Note that you have to have used quickly run to generate the compiled pyc files, and the bin/<projectname> script, before you can do this!

Troubleshooting - Glade unable to configure label text for GtkComboButton

There are a couple such bugs in Glade, which I believe to be fixed already. The corresponding version may already be in the proposed repos, although I can't remember where I saw this.

These are easy to work around by opening Glade's XML definition at data/ui/<projectname>Window.ui and removing/modifying the extraneous "checkbutton" text. Save your Glade work first, then open the XML file and make the necessary changes, and finally restart Glade.

Troubleshooting - Python memory leaks

I have a cairo DrawingArea which I'm using to display an updating line graph. When I left my app running overnight, I found that Rss (resident pages) had shot through the roof. A great tool to track down memory leaks in Python is heapy.
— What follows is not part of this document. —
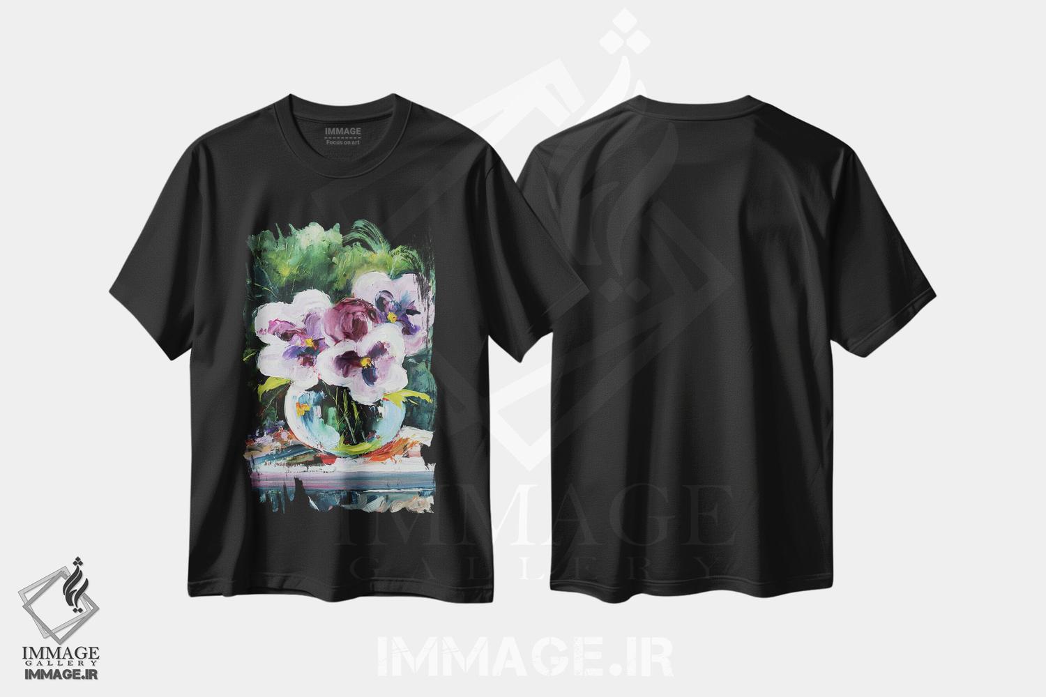 تیشرت طرح دار بنفشه ها در گلدان شیشه ای اثر الکساندرا جاگودا

It's not the most intuitive tool around, but it's not awfully difficult to use either.

For a start, edit __init__.py in your project, and:

+ add import signal
+ add signal.signal(signal.SIGQUIT, start_pdb) to the main method, before the call to Gtk.main()
+ add the method declaration:

def start_pdb(signal, trace):
    import pdb
    pdb.set_trace()


Start your application directly with python instead of quickly, as described earlier in this ridiculously long post. Then, from another terminal, send it the QUIT signal to drop to a debugging prompt

kill -QUIT $(ps aux | grep python | grep <projectname> | awk '{ print $2 }')

From there, you can proceed to analyse the Python heap with heapy.

It was immediately apparent from heapy that my problem didn't lie in the Python heap. The Python heap was occupying just 18MB out of a total residency of over 1GB.

Remember that Python sits atop C. So we have actually got 2 heaps here: the C heap, and the Python heap. 

To inspect the C heap, I fired up the old favourite valgrind. Whilst it didn't provide conclusive proof, it seemed to indicate that whilst the GTK3 libs weren't 100% watertight, the big problem was actually with pangocairo - the font library I'm using to draw nice, smooth, legible text.

After I dramatically reduced the frequency of invoking key pangocairo methods, memory utilisation stabilised over prolonged periods. If I get time, I'll try to confirm the problem is indeed in pangocairo, and track where it's leaking. (Note that pangocairo is a very useful library, and I don't want to discourage you from using it by any means - just keep one eye on the system resources!)